### How to complete this task
Below, locate the line that contains "Diese weiße Mandala". Repeat exactly from that line to the line that contains "Au passage, vous", inclusive, leaving out the pictures.

### Given records
◆ ◆ ◆
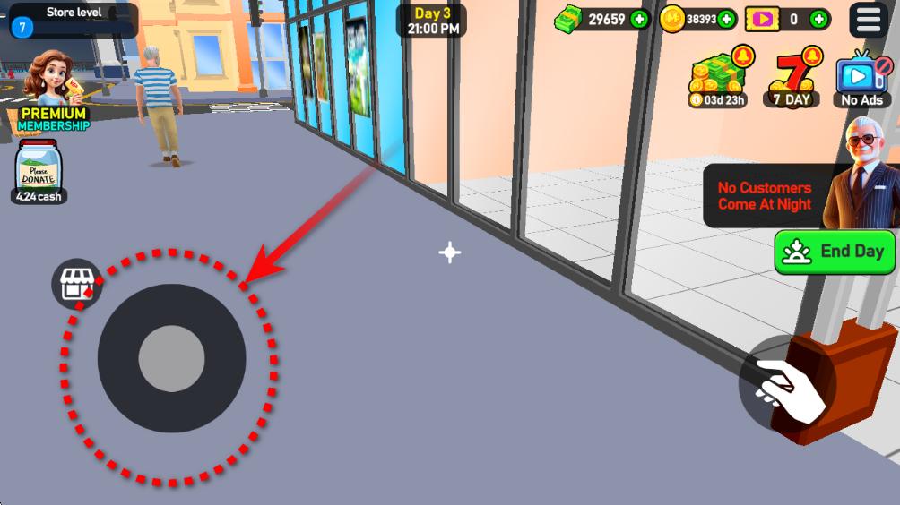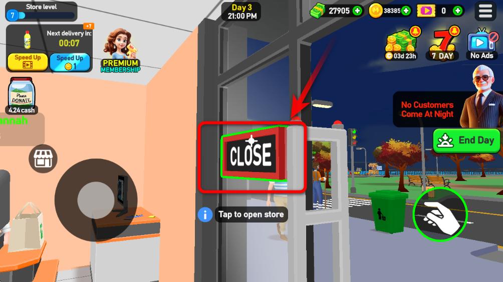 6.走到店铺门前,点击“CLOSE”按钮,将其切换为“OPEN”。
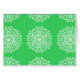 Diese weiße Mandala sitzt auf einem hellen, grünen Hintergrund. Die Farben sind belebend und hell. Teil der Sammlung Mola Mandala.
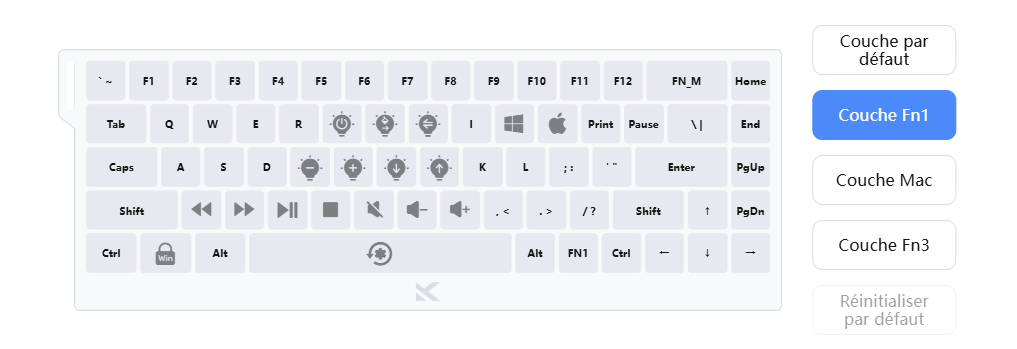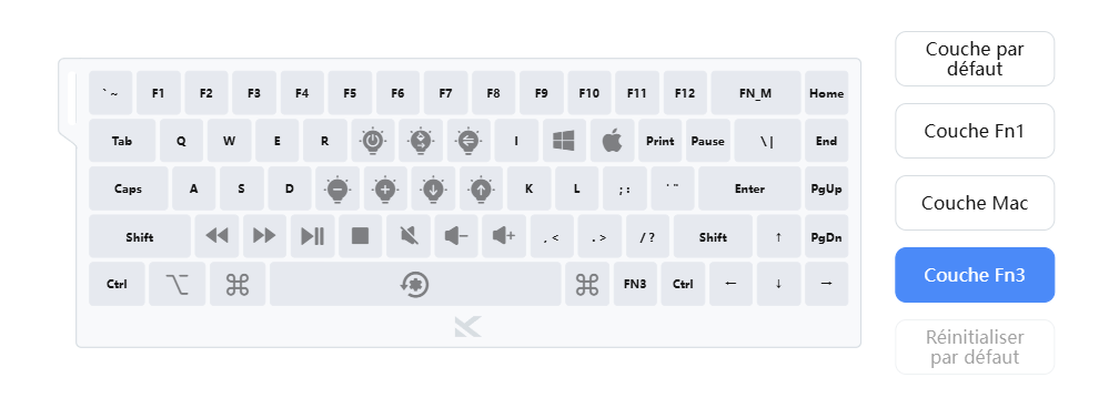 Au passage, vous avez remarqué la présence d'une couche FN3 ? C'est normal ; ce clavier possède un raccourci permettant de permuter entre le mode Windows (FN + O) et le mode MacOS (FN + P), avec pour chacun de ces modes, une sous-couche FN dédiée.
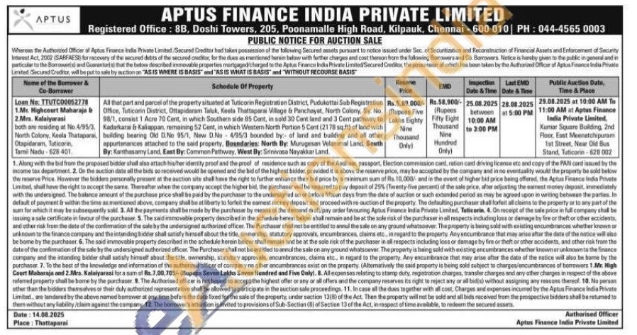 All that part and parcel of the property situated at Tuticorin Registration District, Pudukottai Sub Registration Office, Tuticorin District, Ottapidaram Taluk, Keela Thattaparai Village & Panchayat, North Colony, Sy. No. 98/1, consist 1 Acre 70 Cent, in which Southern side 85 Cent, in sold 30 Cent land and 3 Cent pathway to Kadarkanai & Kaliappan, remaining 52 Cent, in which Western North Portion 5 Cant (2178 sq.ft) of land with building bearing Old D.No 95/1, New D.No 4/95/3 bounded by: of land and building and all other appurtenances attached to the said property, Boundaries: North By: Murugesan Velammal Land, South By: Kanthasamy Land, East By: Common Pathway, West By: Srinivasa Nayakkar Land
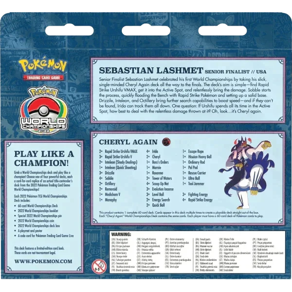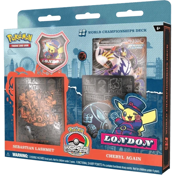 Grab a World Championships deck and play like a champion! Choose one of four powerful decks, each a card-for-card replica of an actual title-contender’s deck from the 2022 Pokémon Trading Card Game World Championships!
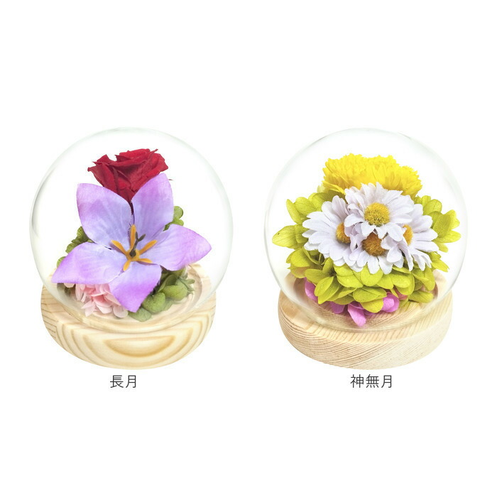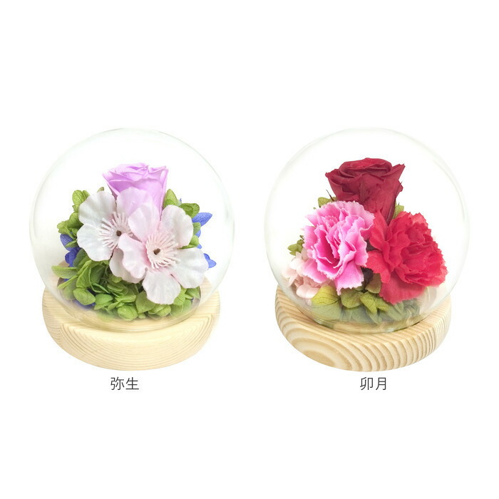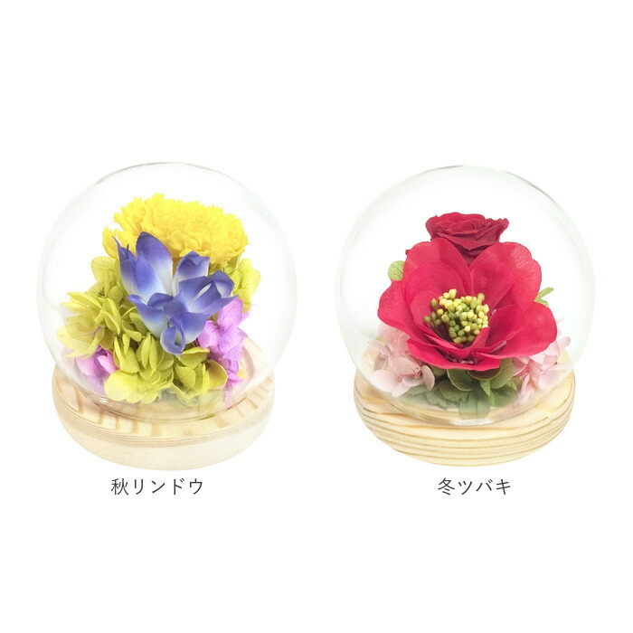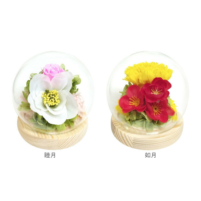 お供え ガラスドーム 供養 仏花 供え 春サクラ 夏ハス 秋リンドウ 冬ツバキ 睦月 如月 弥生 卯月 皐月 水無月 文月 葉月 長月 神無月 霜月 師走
◆ ◆ ◆
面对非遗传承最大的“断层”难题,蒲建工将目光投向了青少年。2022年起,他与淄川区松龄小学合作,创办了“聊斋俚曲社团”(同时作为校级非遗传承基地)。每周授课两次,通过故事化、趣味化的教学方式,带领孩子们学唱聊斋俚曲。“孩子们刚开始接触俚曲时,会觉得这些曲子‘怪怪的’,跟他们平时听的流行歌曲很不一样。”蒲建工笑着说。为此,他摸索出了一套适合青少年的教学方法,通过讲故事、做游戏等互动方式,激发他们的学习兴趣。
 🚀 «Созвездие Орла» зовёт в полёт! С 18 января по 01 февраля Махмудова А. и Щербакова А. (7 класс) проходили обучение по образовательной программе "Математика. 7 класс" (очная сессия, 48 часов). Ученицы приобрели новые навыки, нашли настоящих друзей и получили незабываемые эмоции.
◆ ◆ ◆
### Solution to this task
 Diese weiße Mandala sitzt auf einem hellen, grünen Hintergrund. Die Farben sind belebend und hell. Teil der Sammlung Mola Mandala.
 Au passage, vous avez remarqué la présence d'une couche FN3 ? C'est normal ; ce clavier possède un raccourci permettant de permuter entre le mode Windows (FN + O) et le mode MacOS (FN + P), avec pour chacun de ces modes, une sous-couche FN dédiée.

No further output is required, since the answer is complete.